Marines Update Force Design 2030 After a Year of Experimentation in the Field

April 26, 2021 9:33 AM
A U.S. Marine with Charlie Company, 1st Battalion, 3d Marines, crawls onto the beach during reconnaissance scout swimmer training part of Exercise Bougainville I at Marine Corps Training Area Bellows, Hawaii, Feb. 8, 2021.US Marine Corps Photo

The Marine Corps is a year into reshaping its force to become optimized for modern operations – in combat and in everyday competition – by 2030, and the service has already taken some major steps such as getting rid of all its tanks and refining its vision for how to buy the next reconnaissance vehicle

After the March 2020 release of Force Design 2030, Commandant of the Marine Corps Gen. David Berger today released an annual update to the document that lays out the progress already made and the steps still to come, as the service continues to learn more about what it will need to deter evolving threats in the Pacific and around the globe.

“Since Force Design 2030 was announced in March 2020, considerable progress has been made as we enter into year two of this 10-year modernization initiative. The Marine Corps activated, deactivated, and realigned many units across the Marine Air-Ground Task Force, begun the divestment of legacy systems and functions, to include the complete divestment of tanks, and modified our force structure in ways that support operations as a Stand-In Force focused on our primary pacing threat, but remain globally responsive,” the Marine Corps stated in a news release on the Force Design update.

After a year of modeling and simulation, wargaming and exercises in the field, the Marine Corps is still focused on four main areas: logistics and sustainment; long-range precision fires; alternate positioning, navigation, and timing (PNT); and command, control, communications, computers, cyber, intelligence, surveillance, reconnaissance and targeting (C5ISRT).

Sgt.
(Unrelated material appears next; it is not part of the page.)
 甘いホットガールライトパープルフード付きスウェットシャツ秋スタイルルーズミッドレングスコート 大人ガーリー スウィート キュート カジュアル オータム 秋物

Tyrell Lewis, a student in the Detachment Hawaii Enhanced Squad Leader Course, aims a dummy rocket launcher at the rocket station, one of twelve stations in the initial performance assessment portion of the course, Marine Corps Base, Hawaii on April 8, 2021. US Marine Corps Photo

C5ISRT – and specifically reconnaissance and counter-reconnaissance – are mentioned repeatedly throughout the Force Design annual update, and Deputy Commandant for Combat Development and Integration Lt. Gen. Eric Smith told USNI News that that’s for good reason.

“We’re uniquely positioned as the inside force, as the stand-in force – as you’ve heard me say, we have 20,000 Marines west of the [International] Date Line, we live there … so we are uniquely positioned to sense and make sense of what is happening around us, to report what we see, to close kill chains,” he said during a media teleconference on the updated Force Design plans.
“So the focus on reconnaissance and counter-reconnaissance, we are just so uniquely positioned to do it that the commandant has said: look, of the things we do – putting Ka-Bars into people, launching missiles – we also must sense, make sense and close kill chains, participate in the kill web.”
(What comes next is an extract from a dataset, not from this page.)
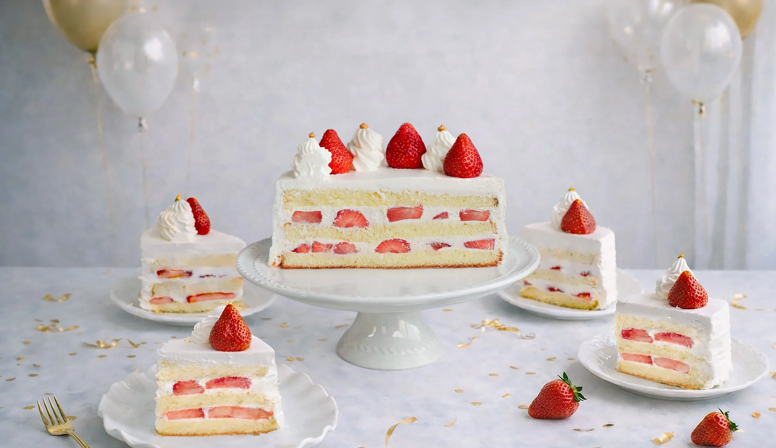 Classic strawberry fresh cream cake with airy sponge, whipped cream and juicy strawberries.

Force Design 2030 efforts – with a special emphasis on the idea that the Marines will operating as small groups distributed throughout the vast Pacific and will need to rely on their own organic capabilities to “sense, make sense and close kill chains” across long distances – are shaping concept development, acquisition efforts and personnel models.

Acquisition Needs

Sgt. David Seeley, a squad leader with Battalion Landing Team 3/4, 31st Marine Expeditionary Unit (MEU), and a native of Dunwoody, Georgia, walks past a light armored vehicle (LAV) at Camp Hansen, Okinawa, Japan on Feb. 8, 2021. Marine Corps Photo

Though recon and counter-recon may be at the top of the Marines’ list, finding a sufficient and affordable replacement vehicle for reconnaissance Marines has eluded the service in recent years.

The Force Design update notes that work over the last year “invalidated the requirement to replace existing LAV-25s with a similar armored, wheeled or tracked manned vehicle in a one-for-one ratio. Continued to examine options for the conversion of legacy Light Armored Reconnaissance capabilities to more broadly capable Mobile Reconnaissance,” it reads.

The work also identifies a “multi-domain Mobile Reconnaissance unit” that would have organic precision fires, “light-weight vehicles, unmanned air and surface systems, boats, and other capabilities necessary to succeed in a contested information environment.”

The service is pursuing an Advanced Reconnaissance Vehicle (ARV) to replace the aging LAVs, but Smith and Director of the Capabilities Development Directorate Brig. Gen. Eric Austin said that the ARV is more of a set of capabilities than a specific platform at this point.

An Amphibious Combat Vehicle operated by Marines with the Amphibious Vehicle Test Branch, Marine Corps Tactical Systems Support Activity, departs the amphibious transport dock ship USS Somerset (LPD-25) as part of the vehicle’s developmental testing off the shore of Marine Corps Base Camp Pendleton, California, Jan. 29, 2020. US Marine Corps Photo

“What [LAV] will be replaced with is the capability to control air and ground robotics and to provide reconnaissance. What form that takes is still unknown, that’s what we’re experimenting and wargaming with,” Smith said.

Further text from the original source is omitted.